*** Records for this exercise ***

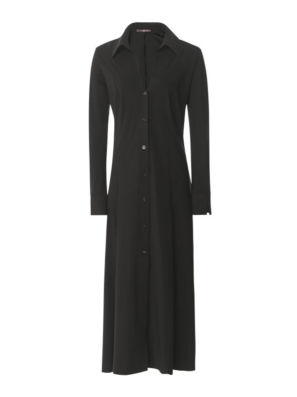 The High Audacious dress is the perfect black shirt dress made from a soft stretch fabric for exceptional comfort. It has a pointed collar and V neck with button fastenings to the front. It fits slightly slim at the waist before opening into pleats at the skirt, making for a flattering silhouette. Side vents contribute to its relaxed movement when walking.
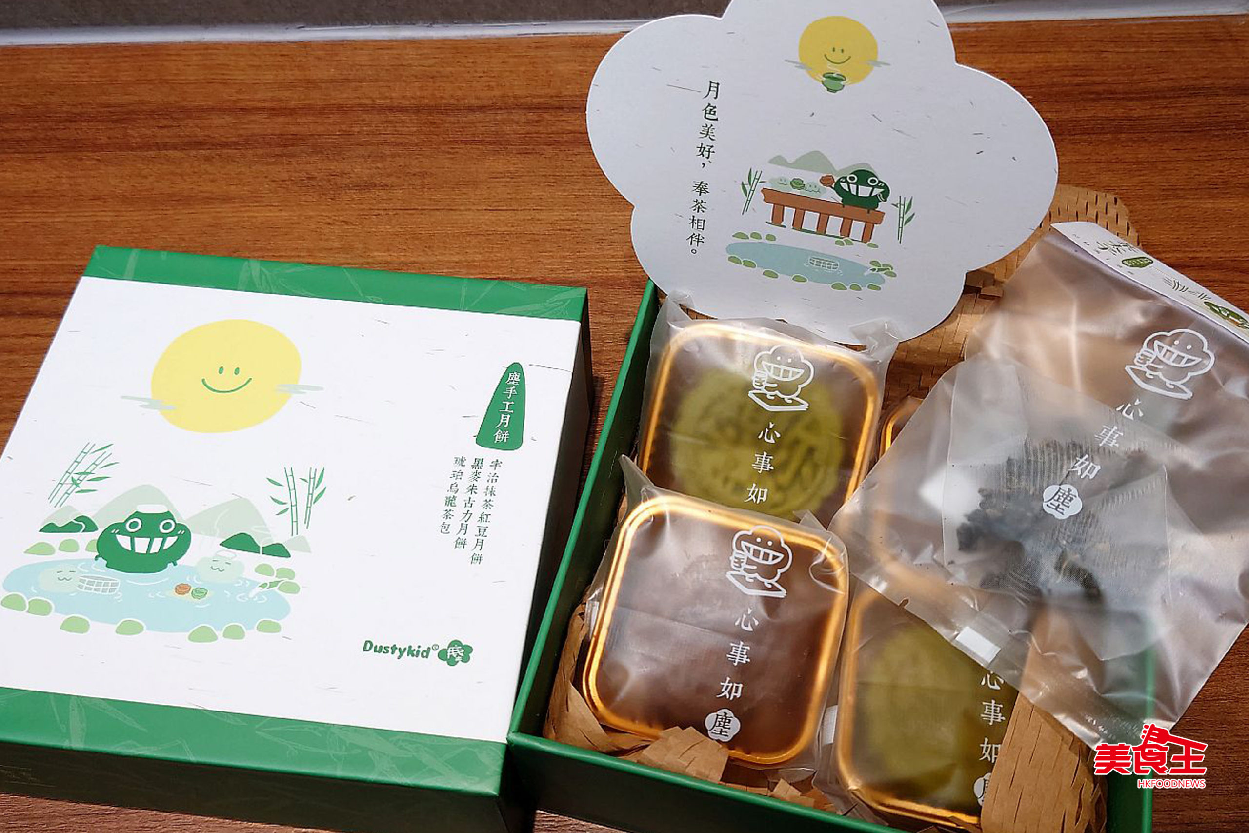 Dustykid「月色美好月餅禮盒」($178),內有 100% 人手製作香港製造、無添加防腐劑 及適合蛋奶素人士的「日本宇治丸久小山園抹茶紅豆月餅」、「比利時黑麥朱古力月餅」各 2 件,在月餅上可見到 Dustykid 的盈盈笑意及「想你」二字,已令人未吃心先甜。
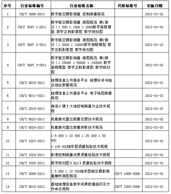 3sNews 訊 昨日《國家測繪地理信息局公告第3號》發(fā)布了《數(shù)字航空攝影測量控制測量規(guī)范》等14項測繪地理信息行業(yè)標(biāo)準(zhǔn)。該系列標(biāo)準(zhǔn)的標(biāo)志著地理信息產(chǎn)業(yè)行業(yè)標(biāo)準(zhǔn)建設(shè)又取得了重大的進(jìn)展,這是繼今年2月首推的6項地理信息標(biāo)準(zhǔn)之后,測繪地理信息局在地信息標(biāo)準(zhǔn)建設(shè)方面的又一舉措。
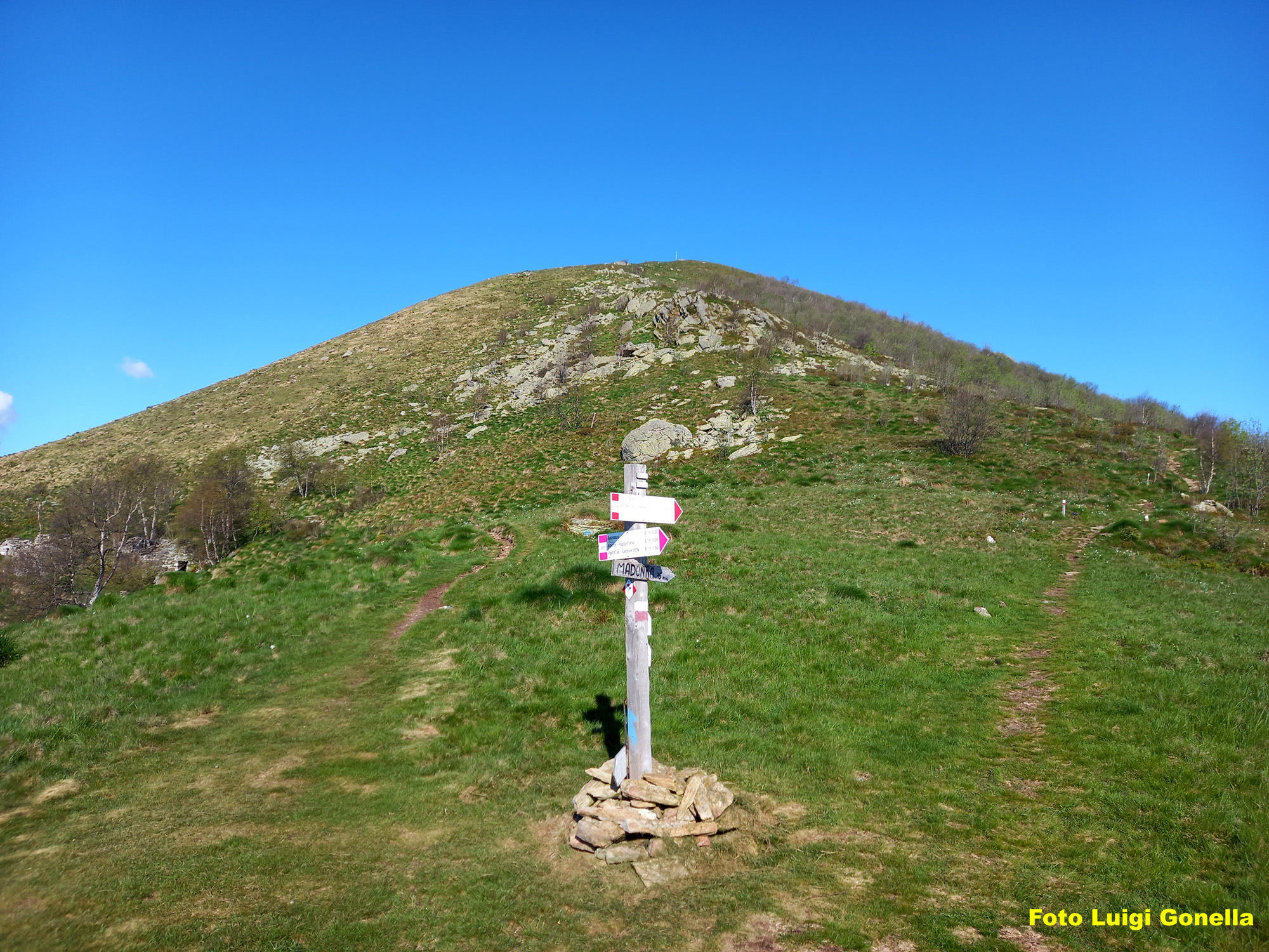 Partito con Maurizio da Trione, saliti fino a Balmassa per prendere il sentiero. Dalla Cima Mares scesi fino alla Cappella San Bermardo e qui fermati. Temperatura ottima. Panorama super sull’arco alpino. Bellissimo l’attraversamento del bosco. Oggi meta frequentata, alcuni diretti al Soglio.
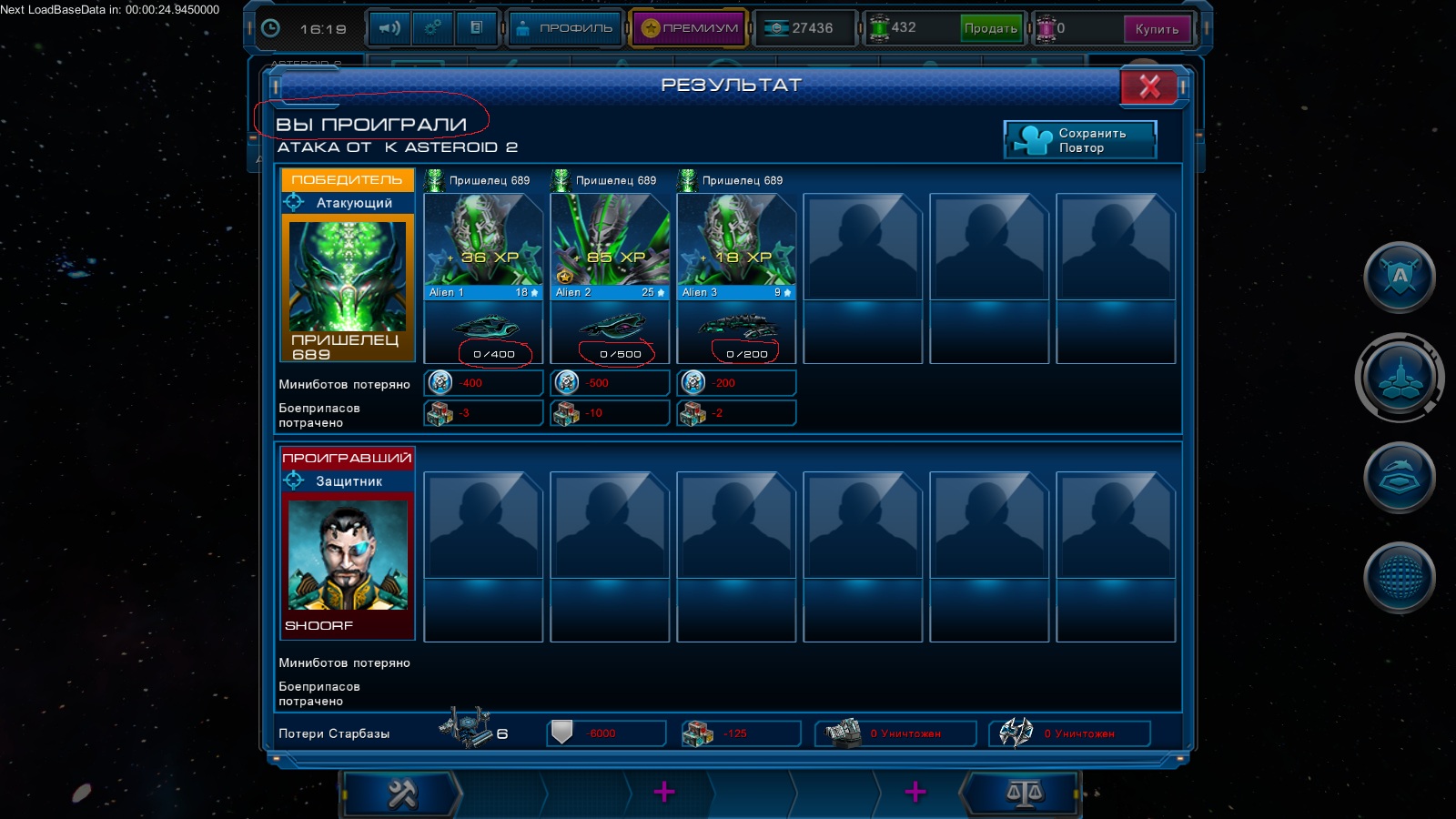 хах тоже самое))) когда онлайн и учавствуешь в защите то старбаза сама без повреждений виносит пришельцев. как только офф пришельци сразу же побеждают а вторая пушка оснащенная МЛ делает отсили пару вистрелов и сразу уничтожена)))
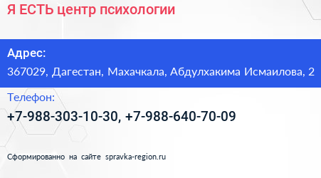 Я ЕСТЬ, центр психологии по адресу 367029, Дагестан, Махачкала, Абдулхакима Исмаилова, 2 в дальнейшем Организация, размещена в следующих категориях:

*** End of Records for this exercise ***

Excluding the pictures, reproduce every entry exactly as given.

 The High Audacious dress is the perfect black shirt dress made from a soft stretch fabric for exceptional comfort. It has a pointed collar and V neck with button fastenings to the front. It fits slightly slim at the waist before opening into pleats at the skirt, making for a flattering silhouette. Side vents contribute to its relaxed movement when walking.
 Dustykid「月色美好月餅禮盒」($178),內有 100% 人手製作香港製造、無添加防腐劑 及適合蛋奶素人士的「日本宇治丸久小山園抹茶紅豆月餅」、「比利時黑麥朱古力月餅」各 2 件,在月餅上可見到 Dustykid 的盈盈笑意及「想你」二字,已令人未吃心先甜。
 3sNews 訊 昨日《國家測繪地理信息局公告第3號》發(fā)布了《數(shù)字航空攝影測量控制測量規(guī)范》等14項測繪地理信息行業(yè)標(biāo)準(zhǔn)。該系列標(biāo)準(zhǔn)的標(biāo)志著地理信息產(chǎn)業(yè)行業(yè)標(biāo)準(zhǔn)建設(shè)又取得了重大的進(jìn)展,這是繼今年2月首推的6項地理信息標(biāo)準(zhǔn)之后,測繪地理信息局在地信息標(biāo)準(zhǔn)建設(shè)方面的又一舉措。
 Partito con Maurizio da Trione, saliti fino a Balmassa per prendere il sentiero. Dalla Cima Mares scesi fino alla Cappella San Bermardo e qui fermati. Temperatura ottima. Panorama super sull’arco alpino. Bellissimo l’attraversamento del bosco. Oggi meta frequentata, alcuni diretti al Soglio.
 хах тоже самое))) когда онлайн и учавствуешь в защите то старбаза сама без повреждений виносит пришельцев. как только офф пришельци сразу же побеждают а вторая пушка оснащенная МЛ делает отсили пару вистрелов и сразу уничтожена)))
 Я ЕСТЬ, центр психологии по адресу 367029, Дагестан, Махачкала, Абдулхакима Исмаилова, 2 в дальнейшем Организация, размещена в следующих категориях:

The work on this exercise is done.